Rocío del Campo-Pedrosa1, Diego del Campo-Pedrosa1, Bettina Merlin2 and Ana González-Marcos1, 1Department of Mechanical Engineering, Universidad de La Rioja, Logroño, La Rioja, Spain, 2Fakultät International Business, Hochschule Heilbronn, Heilbronn, Germany
Traditional sensory analysis in food innovation provides limited insight into consumer behavior, whereas social platforms such as Reddit offer large-scale, real-time textual data on food-related practices and perceptions. This study evaluates Reddit as a scalable source for detecting food trends and healthy eating patterns in Spanish-language discussions using artificial intelligence (AI) and natural language processing (NLP).
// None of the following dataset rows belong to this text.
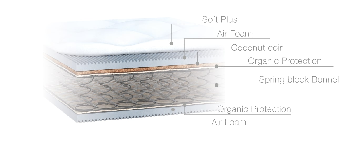• Organic Protection. Захисний прошарок з натуральної сировини грає роль ізоляції між м'якими наповнювачами та сталевими пружинами.
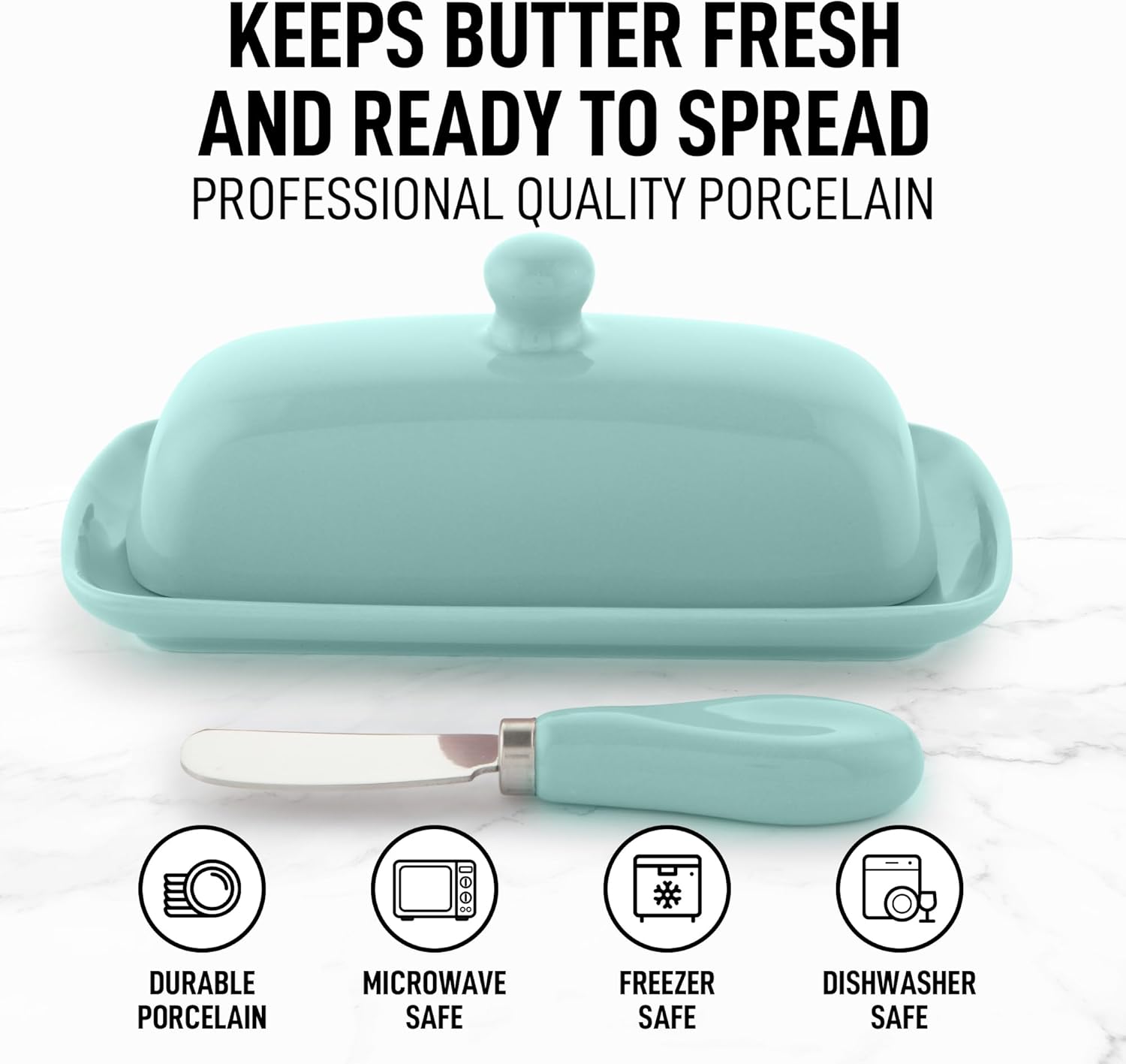 - PREMIUM QUALITY PORCELAIN: This elegantly designed butter stick holder, made of high-quality porcelain, adds durability and sturdiness. It is microwave, oven, and freezer safe, making the butter tray fit for hot and cold temperatures. It can be easily cleaned in the dishwasher or with a soft cloth.
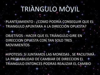 Este documento describe un experimento para cambiar la dirección de un triángulo formado por monedas usando solo tres movimientos. La hipótesis era que juntar las monedas facilitaría el cambio de dirección del triángulo. Los resultados mostraron que al juntar y mover las monedas de los extremos se podía formar el triángulo en la dirección opuesta, validando la hipótesis.
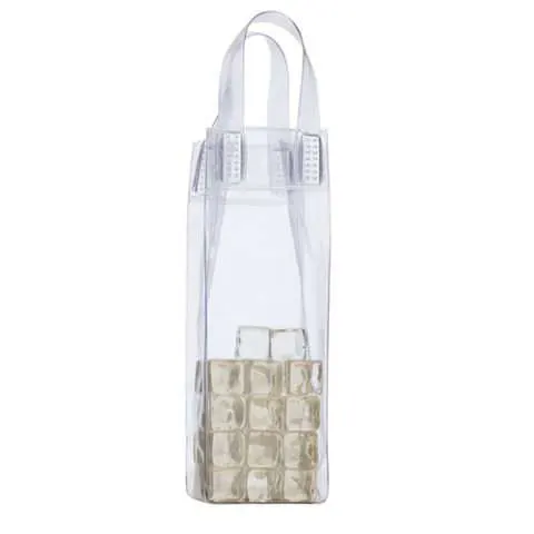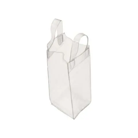 Sacola plástica para gelo com alça. Icebag serve para transportar garrafas exemplo: vinho, champagne, vodka… Basta colocar água e gelo e transportar seu cooler prático.
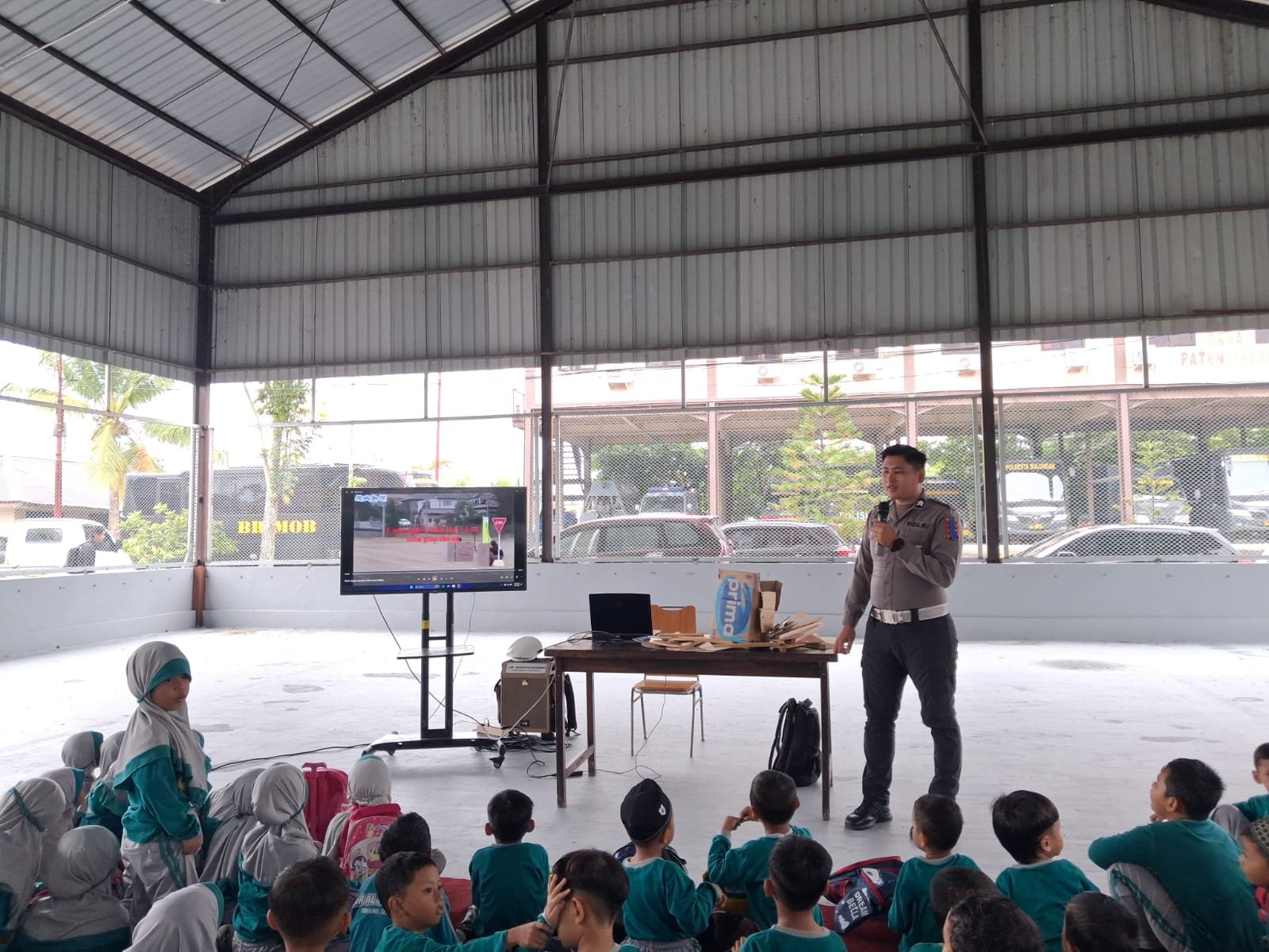 Dalam kunjungan tersebut, para personel Sat Lantas memberikan materi edukasi yang dikemas dengan cara menyenangkan, mulai dari pengenalan rambu-rambu lalu lintas hingga tata cara menyeberang jalan yang aman.

An end-to-end pipeline was implemented, including targeted data scraping across seven food-related domains, Spanish-language filtering (≥70% confidence), customized preprocessing, and unsupervised topic discovery via k-means clustering. The system processed 17,774 Spanish-language posts from an initial corpus of 92,949 entries. Despite linguistic challenges such as polysemy and lemmatization errors, the method produced coherent and representative themes, including barriers to home cooking, weight management concerns, economic factors, food categories, and nutrition-related consultations. These results demonstrate the effectiveness of unsupervised NLP techniques for large-scale monitoring of food-related discourse on social media.
Natural Language Processing, Unsupervised Learning, Social Media Mining, Artificial Intelligence.